Running out of Cash?
TLDR: Ok, not entirely yet but the big cash cushion the U.S. consumer built in the post-pandemic world is almost entirely gone. Gone. And if you’re the U.S. economy, this is akin to running low on jet fuel mid-air. Why?
In his blog, John Authers highlights some recent research from the Federal Reserve of San Francisco that basically argues the U.S. consumer has burned through much of the pandemic savings. Still a bit left - $500B or so - but it’s definitely on track to run out by year end.
Not as if the market really worried about that, though. Consumer discretionary stocks have outperformed their duller staples brethren by an astounding margin since the start of the year.
As Authers writes:
Retail sales growth can be charitably called anemic. Orthodox surveys of consumer sentiment, such as the long-running polls run by the University of Michigan and by the Conference Board, agree that expectations have subsided since the start of the year. Consumers are still more hopeful than they were at the worst of 2022, but this doesn’t look like material for a rally. Indeed, the Michigan survey shows expectations almost as low as in the aftermath of the Lehman bankruptcy.

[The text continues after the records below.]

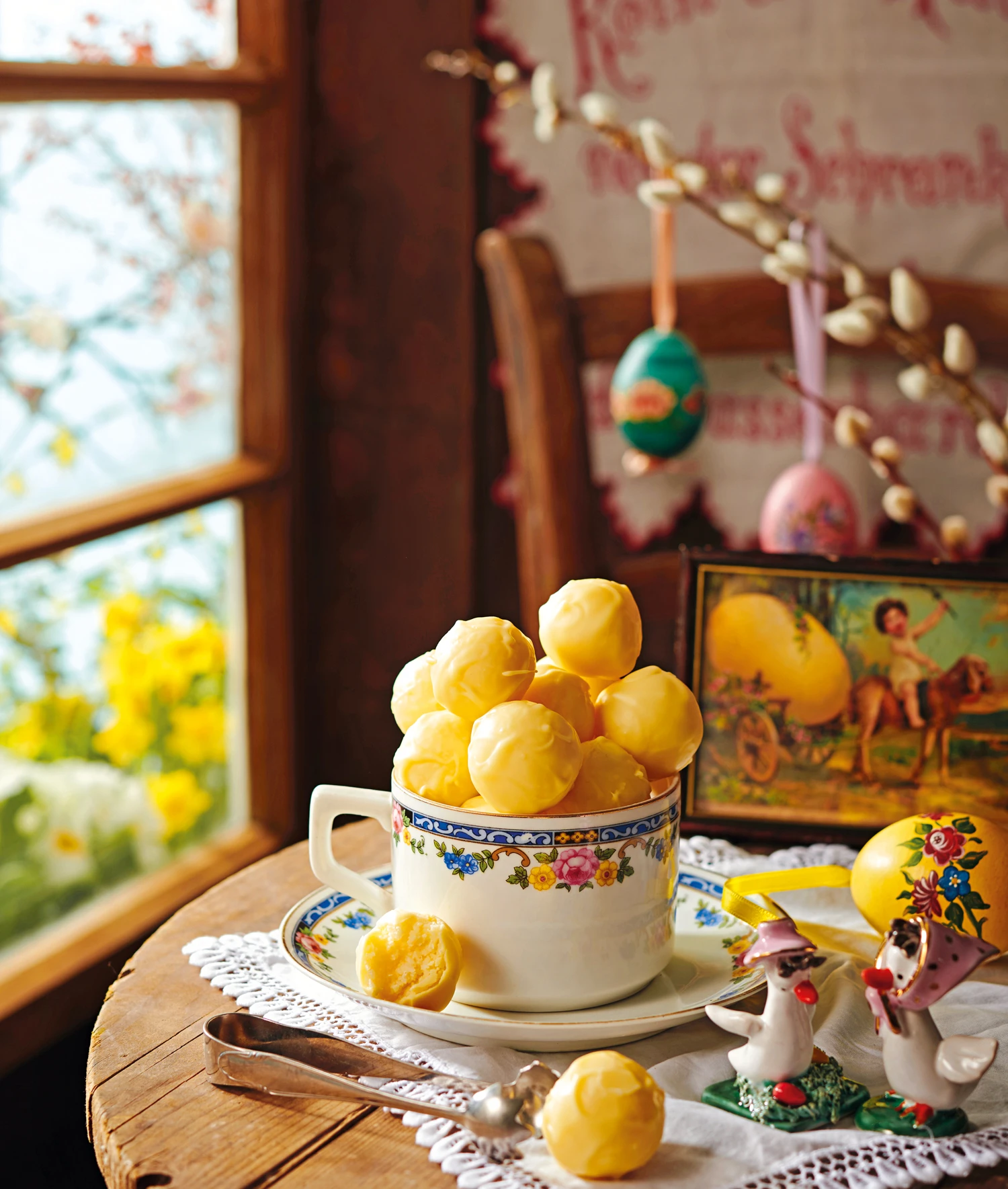 Mit einem Teelöffel Stücke abstechen, zu Pralinen formen und für
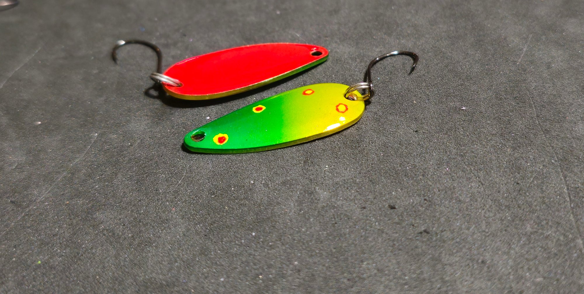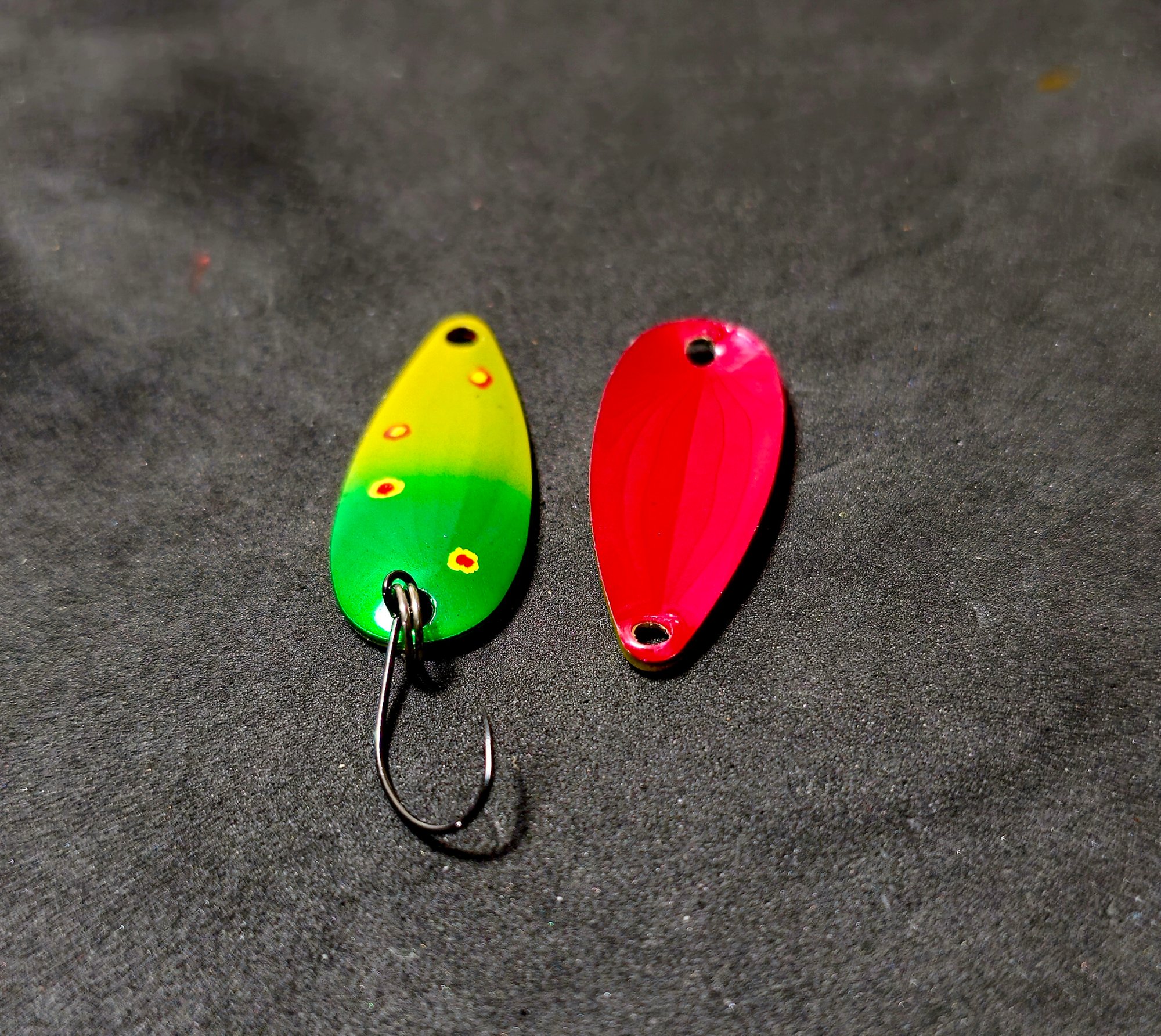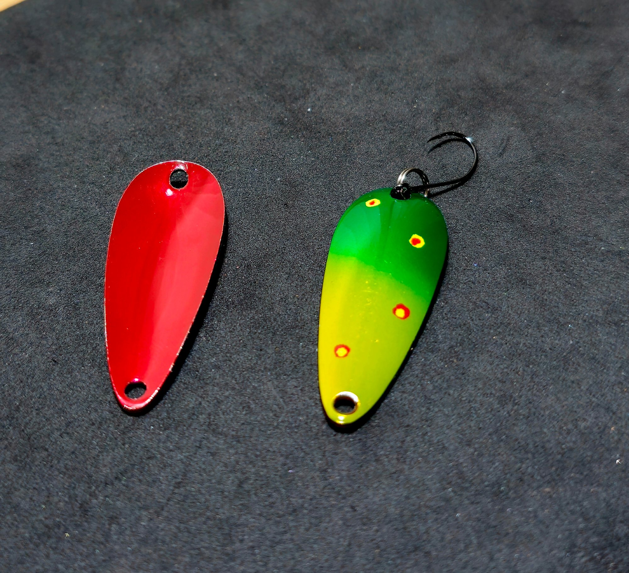 The "Flutter" Action: These spoons have a broader, more rounded "tear-drop" shape than the Horse Mouth spoons. This design creates a wider, more aggressive "kick" and wobble even at very slow speeds.
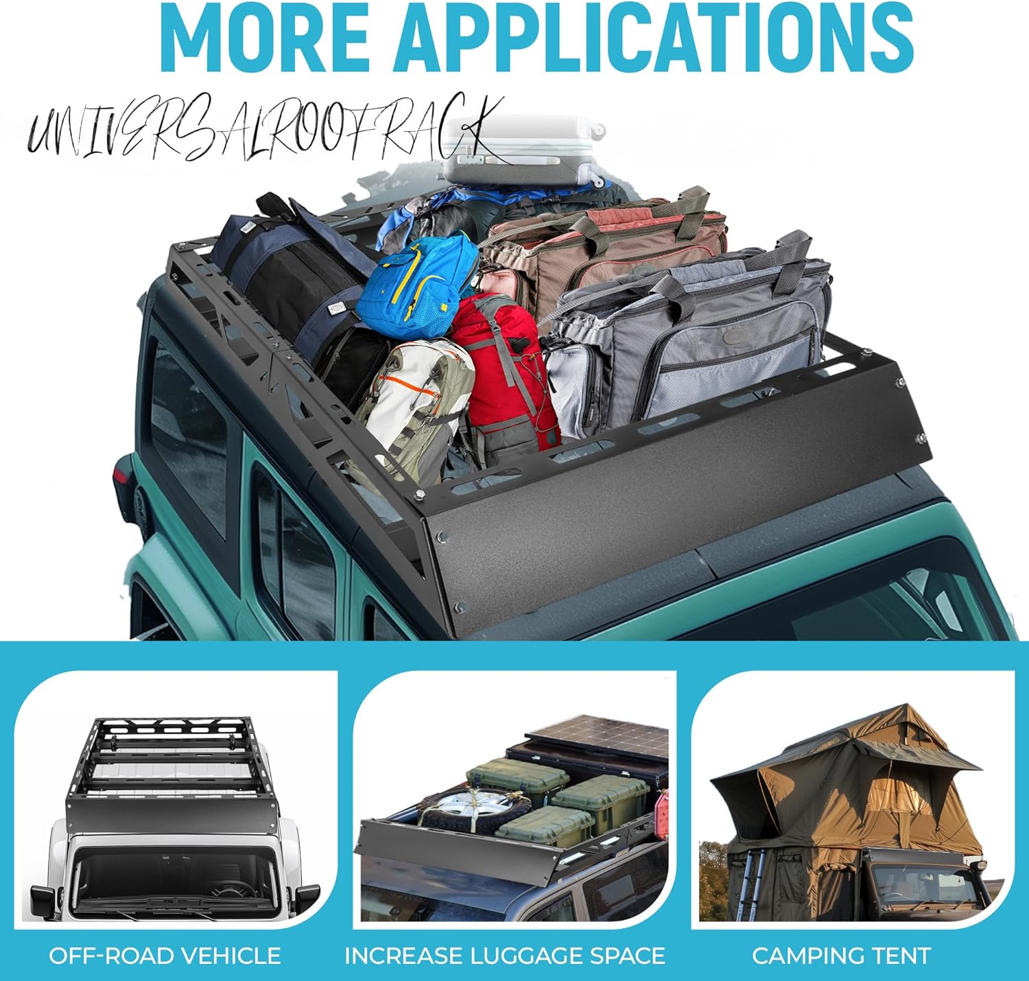 - Large Storage Space: Provide additional storage space on the roof of the vehicle. It is covenient to storage luggages and other things when you are going on a long journey or carrying a lot of things

So what’s happening? What are markets seeing that the data is not showing (or what data are we missing)?
One big source of support is the labor market. Although it’s slowed from the peak, the monthly job creation remains very robust and wage growth and wage growth far above inflation.
Markets are implicitly betting inflation will come down faster than wage growth. Based on the recent data, they might be right.